The last couple of weeks have contained extreme volatility in both the equities markets as well as the safe haven asset group. When U.S. equities began to selloff dynamically, we saw gold follow in tandem trading to lower pricing. It was not that gold lost its safe haven luster, rather it was mass liquidation of all assets as traders went either into cash or bonds.
However many gold enthusiasts believed that at some point if the equities markets continued to trade lower due to the coronavirus, and there was no real hope for a quick discovery of a vaccine for this disease that safe haven assets would once again be one of the most logical and solid places to park your money as equities ran to new lows.
On Friday of last week, we saw gold have its last dynamic drop in which it opened at approximately $1646, and closed and closed just above $1560. This was the last major decline in gold last week. Although this week started off with a whimper it did close above Friday’s close, however it had a very small range between its open and closing price creating a candlestick called a “Doji”.
While this particular candlestick can indicate indecision in the market, a point in time which neither the bullish or bearish faction can maintain dominant control, it can also indicate the time in which one faction loses control as the other faction regains dominance. In the case of Mondays “doji” candle it was a clear indication that the bearish faction had lost control and a pivot, or key reversal was about to begin.
What followed was a $42 upside move when on Tuesday the Federal Reserve announced an emergency rate cut in between FOMC meetings. This highly unusual action was in tandem with similar moves by other central banks globally. This signaled at least in the minds of central bankers that the current coronovirus, was continuing to spread and more importantly the possibility of an epidemic in China becoming a global pandemic increased.

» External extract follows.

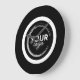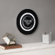 A simple, clean and minimal company logo round large wall clock featuring a custom logo set against a black background. Perfect for adding a professional branded touch to any work space or office. Simple to customize by adding your company logo, the background color can be changed if preferred.
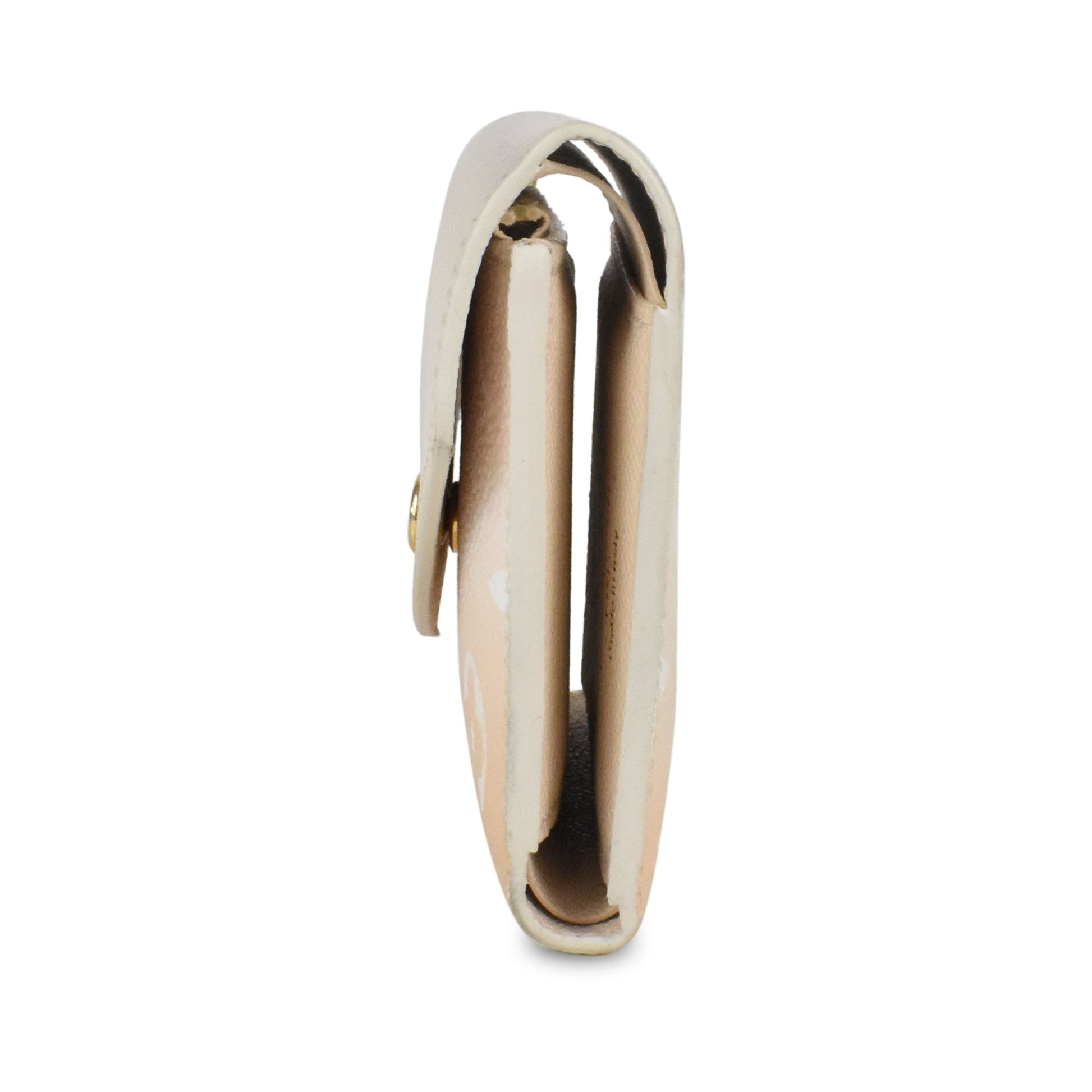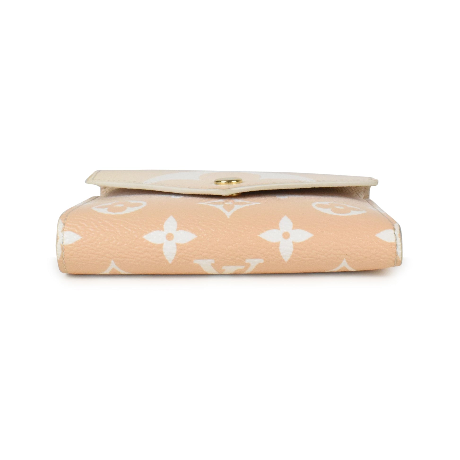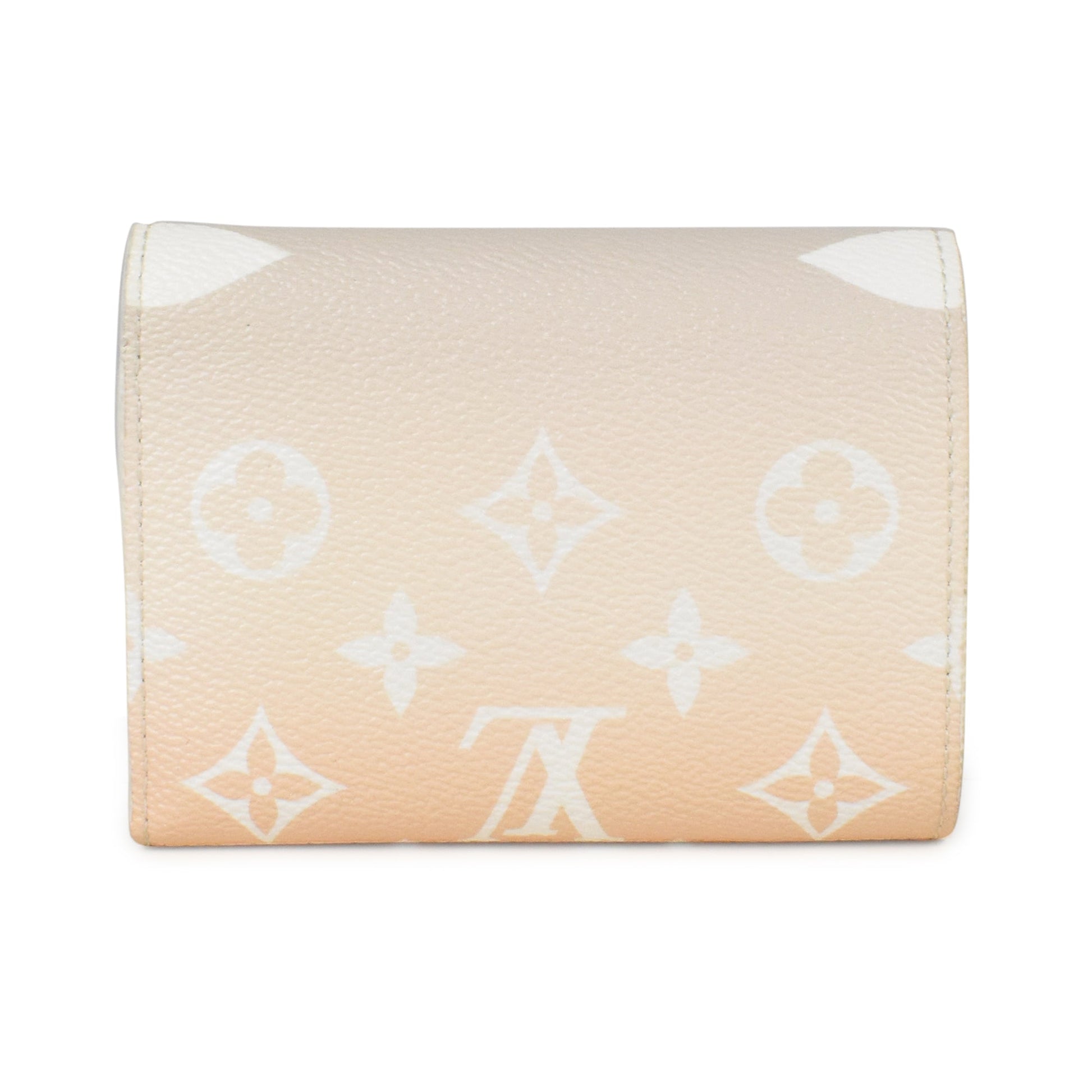 Louis Vuitton 'By the Pool Victorine' snap wallet in a peach to white ombre coated canvas. Features large logo motifs in white and a gold hardware snap closure. The interior features multiple card slots, cash slots, and a zip pocket.

Yesterday’s action was similar to Monday’s in that although it contained a higher high and a higher low, the open and closing range was very narrow. Even though yesterday’s high was slightly above Tuesday’s high, the high on Friday and Tuesday were exactly the same which technically created a double top. When gold traded above that top today it changed the short-term outlook and confirmed that there is a high probability that the rally which began this week could in fact challenge the yearly high of $1691 per ounce.
When you create a retracement from the high achieved on February 24 at $1691 to Friday’s low, the 61.8% Fibonacci retracement occurs at $1643. The fact that gold broke and closed above both the 61.8% retracement and the double top created from Friday’s and Tuesday’s highs is extremely significant.